Although any test strip or stick assay that detects the presence of the leukocyte esterase analyte, the present invention preferably utilizes test strips (Product Code 5122) by Serim™ or the MULTISTIX® reagent strips by Bayer Corporation®. Leukocyte esterase or protease activity in pulmonary diseases or conditions increases when leukocyte counts increase in response to pulmonary infections typically caused by bacterial pathogens. SERIM™ test strips are designed to give a semi-quantitative indication of the level of leukocytes present in a peritoneal dialysate effluent, thereby providing a presumptive indication of peritonitis. However, the diagnostic system of the present invention can utilize the indicative qualities of these test strips to diagnose a different disease or infection through a different bodily fluid and different method of collecting the bodily fluid thereof.
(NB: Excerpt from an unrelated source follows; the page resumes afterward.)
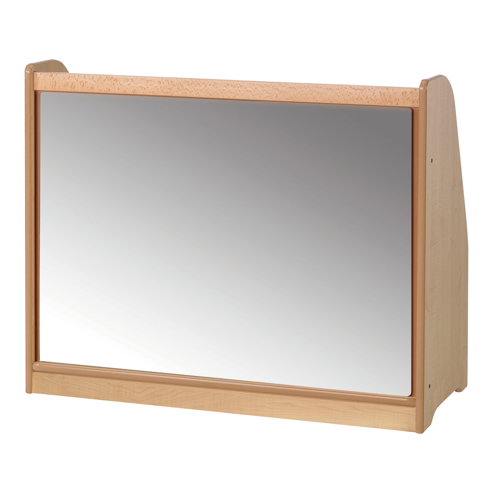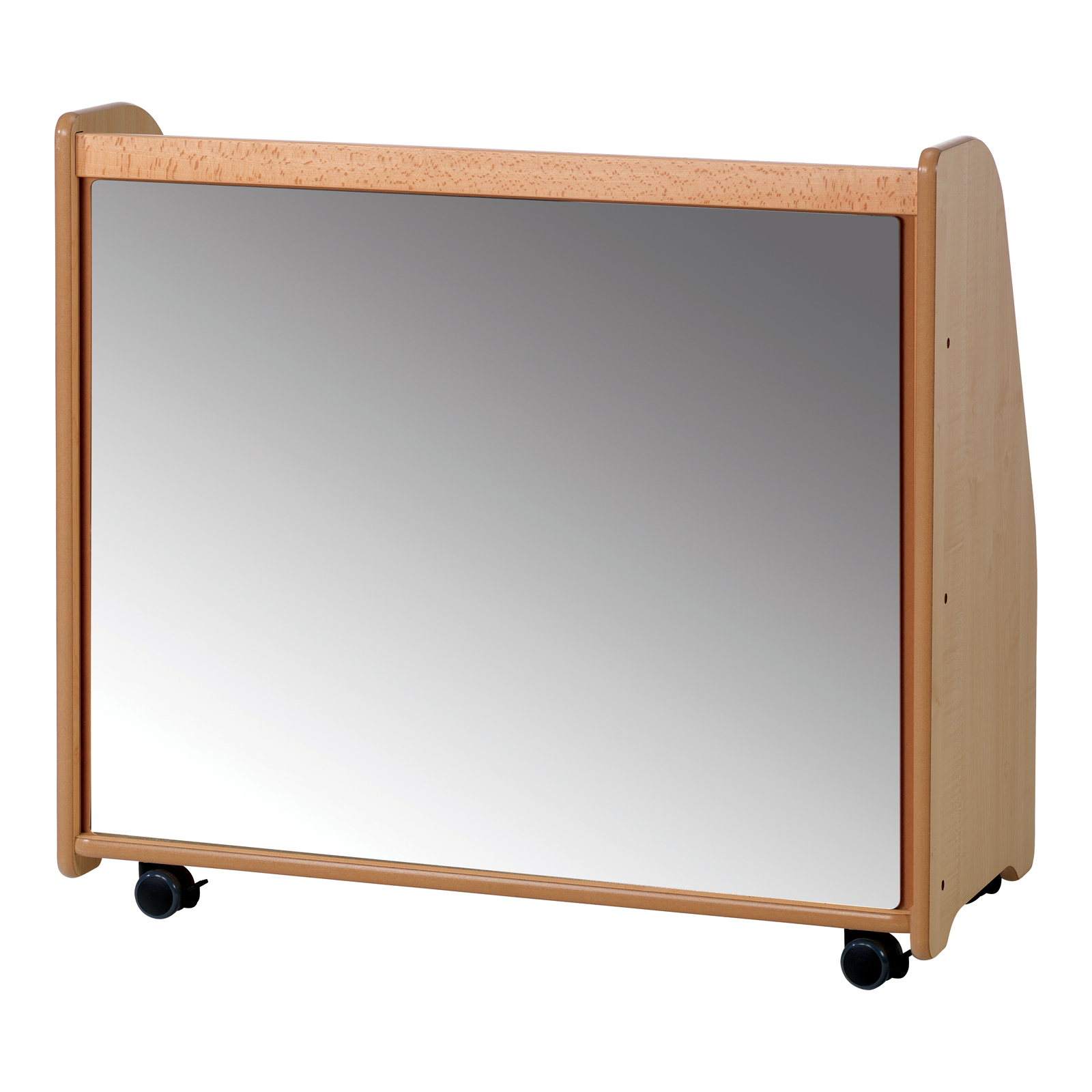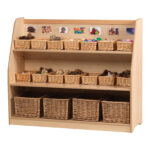 A storage trolley designed for early years schools and nurseries with a mirrored back. (Baskets not included.)
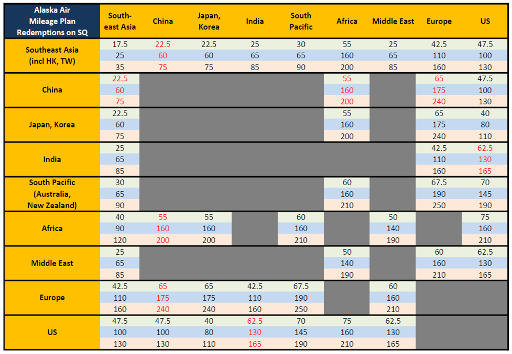 Alaska Air Mileage Plan redemption table for Singapore Airlines flights(updated chart)

The chemical principles of some of the test strips or sticks used in the present invention include, but are not limited to, by the reaction of a phenyl pyrrole ester (or an indoxyl ester). In the reaction, esterase in granulocytic leukocytes catalyzes the hydrolysis of a modified pyrrole amino acid ester to yield 3-hydroxy-5-phenyl pyrrole. The released 3-hydroxy-5-phenyl pyrrole then reacts with diazonium salt to produce a purple color (shown in the chemical reaction below).
The practical detection limit is usually 10-25 leukocytes/μL. Normal ranges in a urine sample are less than 10 leukocytes/μL, Borderline ranges are 10-20 leukocytes/μL, and pathological ranges are above 20 leukocytes/μL.